§ **WHAT TO WORK ON**:
Up to and including the line bearing "1941 m. nužudytų", output every line of the entries exactly as written, starting from the first; pictures stay out.

§ **THE DATA**:
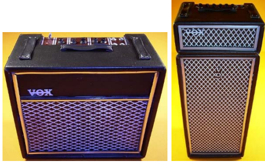
Abb. von links: Verstärker VOX AC 30 & Verstärker VOX T 100 .
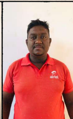
සමිත් 130% Acheived
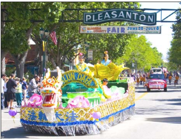
法轮功学员精心制作的花车

【明慧网二零一二年六月二十五日】（明慧记者王英加州普莱森顿市报导）六月二十三日，美国旧金山湾区部份法轮功学员参加了在普莱森顿市举行的“阿拉米达县园游会游行”，其中，由法轮功学员组成的天国乐团和花车队备受瞩目。
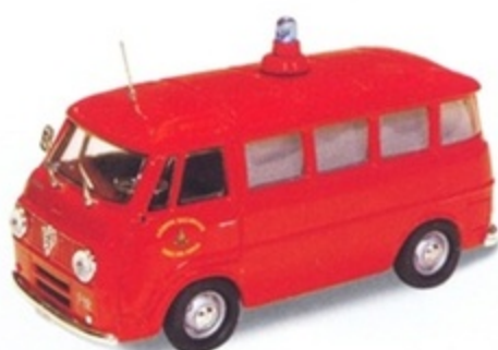
PK 334 - Alfa Romeo Romeo F12 Ambulanza Vigili Del fuoco - 1965
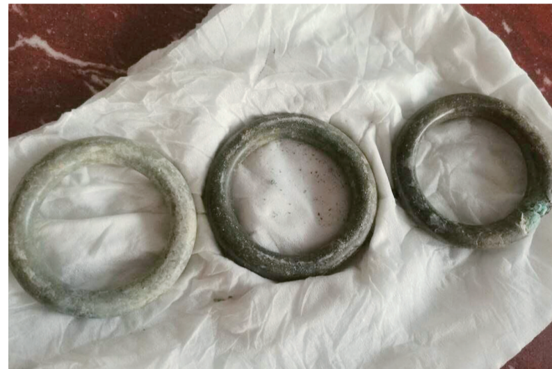
▲警方追缴的部分文物
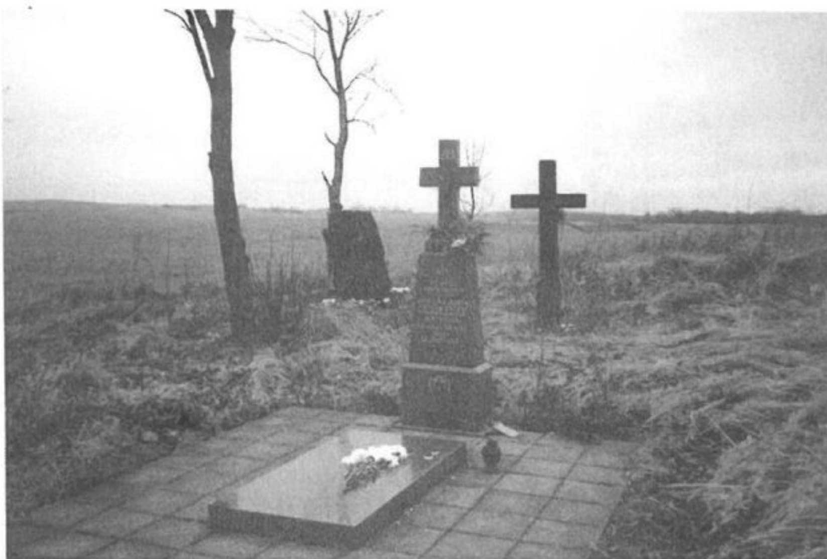
1941 m. nužudytų žmonių kapas Dargalių kapinėse

Dargaliai. Kaimas yra šeši kilometrai į pietus nuo Laukuvos. Dargalių žemes beveik perpus skiria naujasis Žemaičių plentas. Vos keliasdešimt metrų į šiaurę nuo jo išlikusios senos kapinaitės (26). Be kelių medinių kryžių, čia stovi akmeninis paminklas su iškalbingu užrašu: „Bolševikų genocido aukos 1941.VI.24“. Data primena karo pradžią ir pirmosiomis jo dienomis sovietų kariuomenės įvykdytas žudynes Kvėdarnos apylinkėse (žr. atitinkamą skyrelį), Panevėžyje, Pravieniškėse, Rainiuose. Siautėta ir čia, Dar-
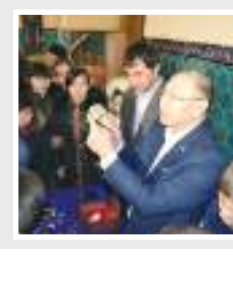
«ЗЕРГЕРДІҢ ҚОЛЫ АЛТЫН» КӨРМЕСІ
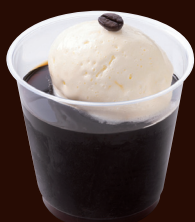
コーヒーゼリー ¥500 DOUBLE NEL DRIP COFFEE JELLY

オリジナルのミルク珈琲アイスと 自家製コーヒーゼリー。 ミルク珈琲マカロンをトッピング。
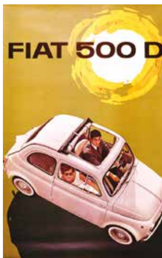
« 500 D »
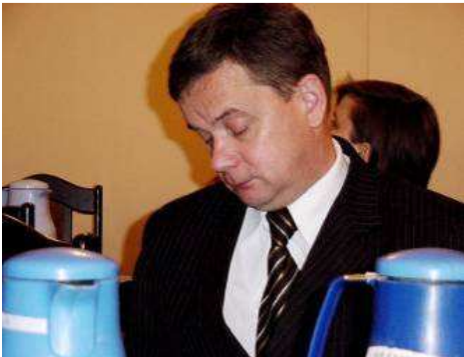
Za tą ciężką harówkę należy mu się chyba te głupie 11 tysiąków no nie ?! (str. 3).
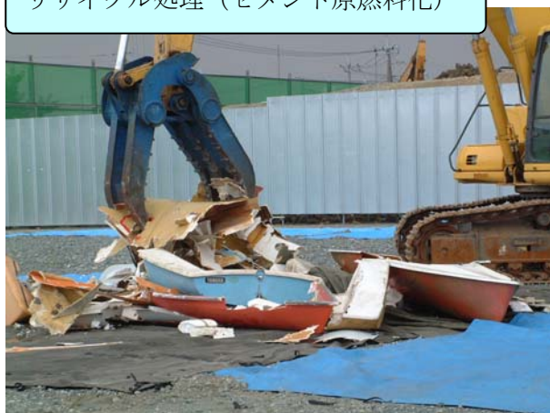
リサイクル処理（セメント原燃料化）
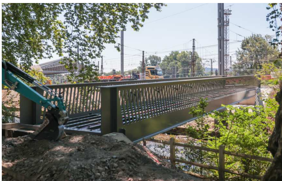
L'une des passerelles fera la liaison entre le parking du Stadium et la gare.
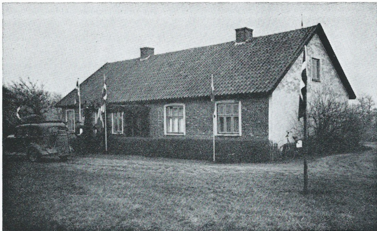
'Lægeboligen' i Tværsgie, til hvilken utallige søgte for at finde hjælp. Billedet er taget under besættelsen.
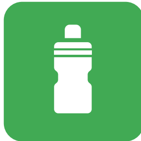
給水 WATER 給水站
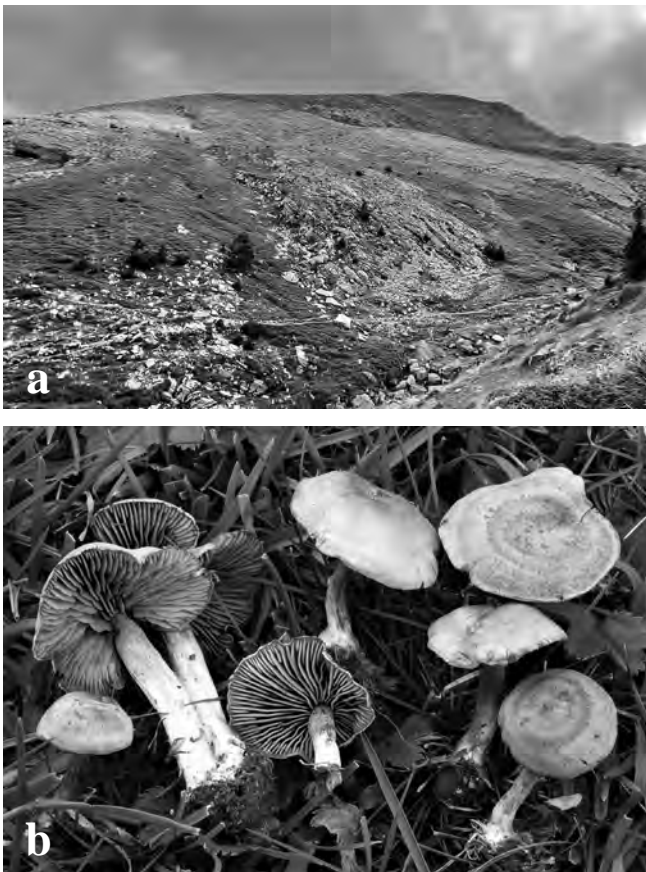
Figura 5. a) Locis tipus d' Entoloma muscoalpinum, Ras de l'Ortigar (Núria) ; b) Entoloma muscoalpinum (JVG 1140827-1)

1140805-25). Comentaris: freqüent en prats alpins i subalpins, no sembla estar present en zones més baixes. Té el píleu densament fibrillós i de color molt fosc, a vegades gairebé negre, que contrasta molt amb el color blanquinós de les làmines joves.
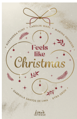
Feels like Christmas
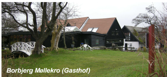
Borbjerg Møllekro (Gasthof)

Die Borbjerg Mühle wurde im Jahr 1408 erbaut. Die Mühle war im Laufe der Zeit Eigentum verschiedener Gutshöfe, bis diese im Jahr 1803 freigekauft wurde. 1931 richtete Johannes Kobborg hier eine kleine Gaststätte ein. Heute ist die Borbjerg Mühle ein Hotel / Gasthof / Restaurant mit dazugehörigen Kursus-räumen und -aktivitäten. Der Mühlensee ist in Besitz des Gasthofes, und hier kann man Boote mieten und einen Angelschein erwerben.
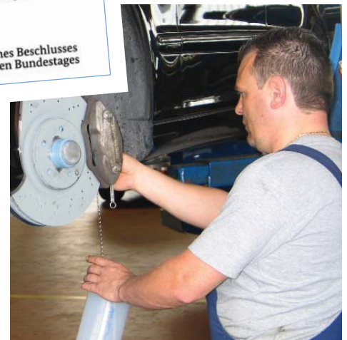
Nur mit einem Gerät der RoTWIN-Generation lassen sich moderne Bremsanlagen vollständig entlüften. Der Grund dafür liegt in der Kraft der zwei Pumpen (unten).

§ **ANSWER SECTION**:
Abb. von links: Verstärker VOX AC 30 & Verstärker VOX T 100 .
සමිත් 130% Acheived
法轮功学员精心制作的花车

【明慧网二零一二年六月二十五日】（明慧记者王英加州普莱森顿市报导）六月二十三日，美国旧金山湾区部份法轮功学员参加了在普莱森顿市举行的“阿拉米达县园游会游行”，其中，由法轮功学员组成的天国乐团和花车队备受瞩目。
PK 334 - Alfa Romeo Romeo F12 Ambulanza Vigili Del fuoco - 1965
▲警方追缴的部分文物
1941 m. nužudytų žmonių kapas Dargalių kapinėse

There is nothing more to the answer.